December 1, 2010 in Food

‘Essential’ recipes, a dash of history

Tan Vinh Seattle Times
 

Six years in the making, “The Essential New York Times Cookbook” covers more than 150 years of cooking, whittled down to 1,400 recipes.

It’s an ambitious book by Amanda Hesser, a food columnist at the New York Times. More than just republishing the best recipes in the Old Gray Lady, the 932-page tome also tracks what we ate over the decades.

About a century ago, Americans ate pigeons and game birds. Then we ate chicken. A lot.

In the ’90s, we ate a lot of duck. In recent years? Not so much.

Hesser has chronicled how the American diet has changed as we moved from hunting to raising and processing our food.

She also runs the popular cooking website food52.com.

We caught Hesser on her iPhone before she landed here for her book tour.

Q.This book took six years, 1,400 tested recipes and two loads in your dishwasher every day. You have twins. This has gotta feel like another birth.

A.The twins were just the warm-up. (She laughs.)

Q.You didn’t intend this book to be a historical reference, but in some ways it is. Lots of interesting facts – such as chicken is cooking faster now than 100 years ago. Why?

A.One theory is that farm animals were raised more slowly and were raised on pasture, which makes for denser muscle tissue. So it took much longer to cook. But it could also be a matter of breed and age of animal, as well. … It also takes more eggs now to bind a sauce. That could be different yolk size. Or could be hens were raised differently.

Q.Soup has changed a lot in 150 years, more than any other food. Why?

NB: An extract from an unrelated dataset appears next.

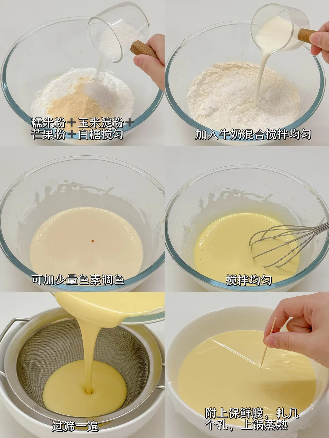 1️⃣糯米粉➕玉米淀粉➕芒果粉➕白糖搅匀,加入牛奶混合搅拌均匀,再加少量色素调色搅拌均匀,过筛一遍,附上保鲜膜,上锅蒸熟。

A.The food processor and the blender. They gave you the ability to create a different texture and also blend ingredients in a very different way. … Also, they used to be cooked for a very long time. More recently, past decade or two, we cook soup for a lot less time. Emphasis now is on freshness of flavor. The old way was to cook it down to concentrate the flavors.

Q.Did it surprise you that four out of the five most recommended recipes were desserts? (A lasagna recipe was the exception.)

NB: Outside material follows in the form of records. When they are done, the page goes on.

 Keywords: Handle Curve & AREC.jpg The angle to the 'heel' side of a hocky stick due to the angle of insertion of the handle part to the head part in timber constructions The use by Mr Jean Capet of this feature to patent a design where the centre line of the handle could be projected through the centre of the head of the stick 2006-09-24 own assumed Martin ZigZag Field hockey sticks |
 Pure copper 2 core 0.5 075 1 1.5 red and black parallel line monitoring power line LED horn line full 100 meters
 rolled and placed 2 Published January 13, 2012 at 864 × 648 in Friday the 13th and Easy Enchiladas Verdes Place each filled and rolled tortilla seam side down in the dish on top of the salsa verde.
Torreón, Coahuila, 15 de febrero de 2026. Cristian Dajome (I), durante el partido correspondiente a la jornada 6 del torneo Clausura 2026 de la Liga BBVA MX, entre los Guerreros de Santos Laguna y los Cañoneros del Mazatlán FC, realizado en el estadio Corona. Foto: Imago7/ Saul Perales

A.That did not surprise me at all. I joked that the book should be called “Chicken and Desserts,” because they were the two recipe categories that people recommended most. We love our sweets … a cake tends to be memorable. There is a sense of accomplishment.

Q.The most-recommended recipe was the Plum Torte (see the recipe at seattletimes.com). Never would have guessed. What’s that about?

A.The plums sink down into the batter like these inlaid jewels. It has this nice, glossy crust. It is this moist, lovely cake. It is a recipe that you can’t ruin.

Q.You wrote about Julie Powell who, in a year, had cooked every recipe in Julia Child’s “Mastering the Art of French Cooking.” (Hesser played herself in the 2009 movie about Powell, “Julie & Julia”.) Which would be harder to complete in a year – Child’s or your cookbook?

A.I don’t think you can complete 1,400 recipes in a year without losing your mind. (She laughs.)